Macroscopically myocardium reacts in various ways in response to injury and stress. The injury area instantly after a myocardial infarction expands, leading to regional dilation and thinning of the infarcted zone. Upon subsequent scarifies and remodeling heart undergoes various geometrical changes and turns into less elliptical and more spherical with thinner walls. In the same way, in volume overload-induced hypertrophic remodeling, there is an increase in the ventricle's internal radius, which results in eccentric hypertrophy 48, 49. Further, in pressure overload-induced hypertrophic remodeling, there is an increase in left ventricular wall thickness with a negligible increase in chamber size, and this process is called concentric hypertrophy. Primarily pathological stimuli result in reduced myocyte number, slipping between myocytes and ECM, and changes in wall architecture 50. Upon consistent stimulus, concentric hypertrophy may convert to eccentric hypertrophy. It may lead to frank dilation with associated systolic heart failure, as observed in long-term pressure overload stress by aortic banding in animals Fig. 2 51. The adaptive and maladaptive aspects of concentric hypertrophy are still extremely controversial as one study also demonstrate that by increasing mass and normal systolic function of left ventricular for 5 years only 12.3% of patients show the highest quartile of left ventricular mass-developed or any detectable left ventricular dysfunction and only 6.9% of these patients developed clinical heart failure. The observed data of the study emphasize the need to differentiate the pathways associated with the initial compensated hypertrophic growth phase from decompensation, dilation, and extreme ventricular remodeling pathways 29, 52.
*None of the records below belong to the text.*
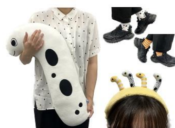
なりきり!ファッション イメージ

館内を回遊しながらお客さまをインスタントカメラで撮影するスタッフが登場します。模様や色などチンアナゴ三種に似ているファッションで来館された方を対象に、インスタントカメラで撮影した「大チンアナゴ祭」ロゴ入りの写真をその場で1枚プレゼントします。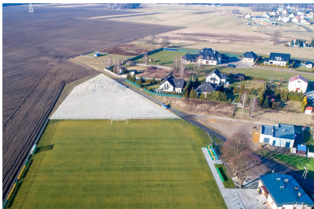
Fotografia 1. Lokalizację inwestycji – Przedszkole w Stanicy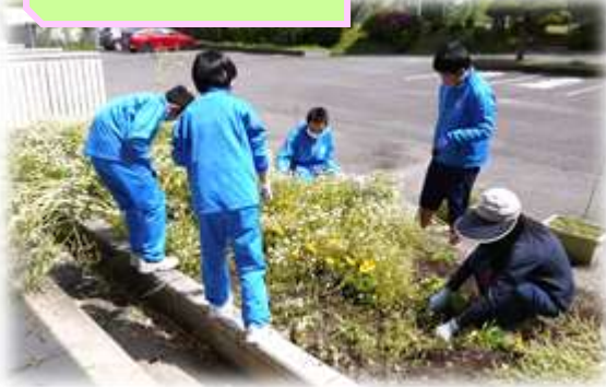
菜の花やパンジーなど枯れた花の撤去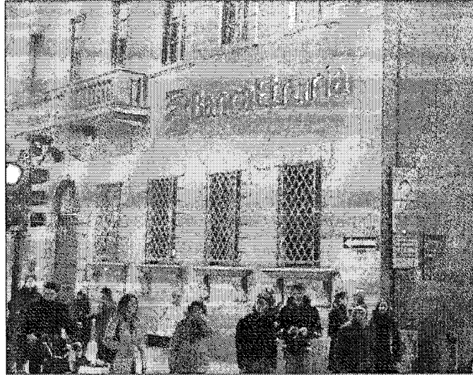
L'impegno dei dipendenti del Gruppo Etruria in favore delle popolazioni colpite dal sisma

"Sosteniamo il progetto città di Treia: ha riportato gravi danni, si contano 1.316 segnalazioni, 302 ordinanze di inagibilità, 683 sfollati. Fra le strutture gravemente colpite anche il Santuario del Santissimo Crocefisso che comprende chiesa e convento. Il Santuario da sempre rappresenta un punto di riferimento per la vita spirituale e sociale, non solo del comune di Treia, ma anche dei comuni vicini, poiché attrae un gran numero di fedeli devoti. Pertanto è stata proposta l'iniziativa di realizzare cassette in legno da collocare in luogo dei locali del Convento e l'allestimento di una nuova struttura per ospitare il Crocefisso. Un prezioso segno di continuità e di vicinanza alle popolazioni duramente provate dal sisma: assicurare ai cittadini treiesi ed ai fedeli dei comuni vicini la possibilità di praticare il culto è un segnale di speranza e di fiducia verso il futuro".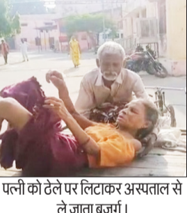
पत्नी को ठेले पर लिटाकर अस्पताल से ले जाता बुजुर्ग।

बरेली। जिला अस्पताल की इमरजेंसी से शनिवार को ऐसी तस्वीर सामने आई जिसने हर किसी को झकझोर दिया। एक बुजुर्ग अपनी बीमार पत्नी को ठेले पर लिटाकर अस्पताल से बाहर निकलता दिखा। चेहरे पर लाचारी, आंखों में गुस्सा और जुबान पर व्यवस्था के खिलाफ दर्द था। सोशल मीडिया पर वीडियो वायरल होते ही स्वास्थ्य विभाग की कार्यप्रणाली पर सवाल की बौछार शुरू हो गई।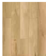
R073 HS Scandipure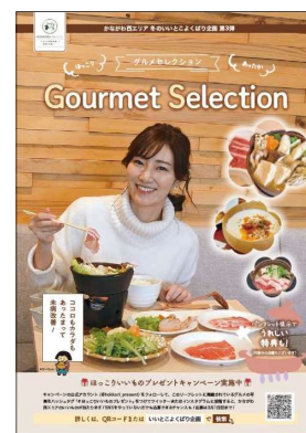
グルメセレクション

未病バレー「ビオトピア」や「未病いやしの里の駅」等、県西地域の未病改善拠点を複数回遊する企画を実施し、誘客を促進。 (H29:6企画、H30:3企画、R1:3企画)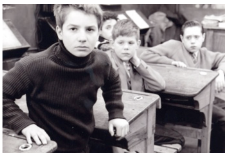
Les Quatre Cents Coups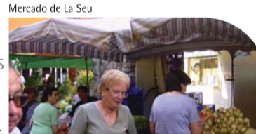
Mercado de La Seu

LAS FERIAS Último domingo de mayo: Feria de plantas medicinales y productos naturales. Tuixent Segundo sábado de octubre: Feria del Niscolo. Coll de Nargó Tercer domingo de octubre: Feria de Sant Ermengol (incluye la Feria de Quesos Artesanos del Pirineo). La Seu d'Urgell. 1 de noviembre: Feria de Todos los Santos. Oliana Último domingo de noviembre: Feria de Sant Andreu. Organyà Puente de la Constitución: Feria del Valle. Tuixent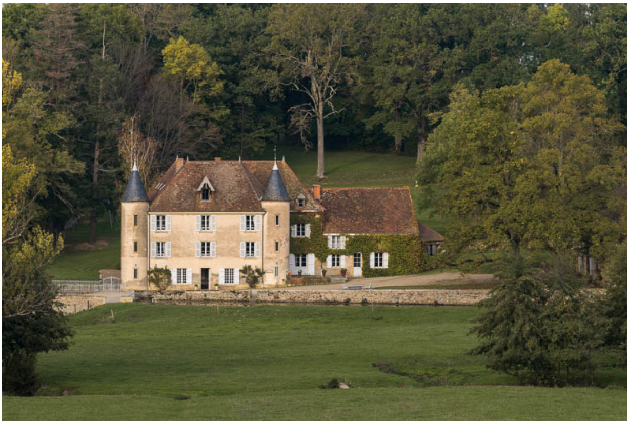
Vue de la façade antérieure de la demeure, dite "château d'Essiat", à Sarry 71, Sarry, lieudit : Essiat

FIG. 2: MORPHOLOGICAL TYPES OF CARDIAC REMODELING
Various pathways are proposed for altering the pathophysiology of cardiac remodeling; one pathway is associated with Calcineurin and CaMKII, which was thought to modulate the growth of the myocyte without any other signs of pathology. Further, in the calcium / calmodulin-activated protein phosphatase calcineurin (PP2B) pathway, Calcineurin is triggered by continuous elevations in intracellular calcium, which enables binding to its primary downstream effector, the nuclear factor of activated T cells (NFAT) 53, 54. Stimulation of the calcineurin-NFAT pathway causes an intense increase in heart size and may lead to eccentric hypertrophy. Calcineurin transgenic mice were shown to contain extensive deposits of collagen and extreme activation of the molecular hypertrophic program. Further few studies had also shown that inhibition of calcineurin-NFAT signaling had been associated with decline pathological cardiac hypertrophy in case of pressure overload stimulation or Infusion of neuroendocrine agonist infusion models of cardiac remodeling 55.
Further Studies related to the Ca2+/calmodulin-dependent kinase II (CaMKII) pathway had shown that expression and activity of CaMKII were increased in case of cardiac hypertrophy and heart failure. Various animal models also demonstrated that the level and phosphorylation of CaMKII are elevated after pressure overload in mice 56, 57. Excessive expressed CaMKII was also reported to develop significant cardiac dilation with reduced cardiac function, cardiomyocyte enlargement and fibrosis of the myocardium. Further few studies also shown that deletion of CaMKII was associated with reduced hypertrophic fibrosis in response to pressure overload. Overall data suggest the pathological role of CaMKII in cardiac remodeling. Beside it overactivation of various pathological mediators, including Akt leads to dysfunctioning of VEGF (Vascular endothelial growth factor) which further leads to an imbalance in the process of angiogenesis, ultimately causing worsening of cardiac remodeling 58, 59. Further over activation also elevates the action of mTOR (Mammalian Target of rapamycin), a member of the phosphatidylinositol 3-kinase-related kinase family of protein kinases and is responsible for hypertrophic mechanisms. Harmful aspects of various mediator of cardiac remodeling is summarized in Fig. 3.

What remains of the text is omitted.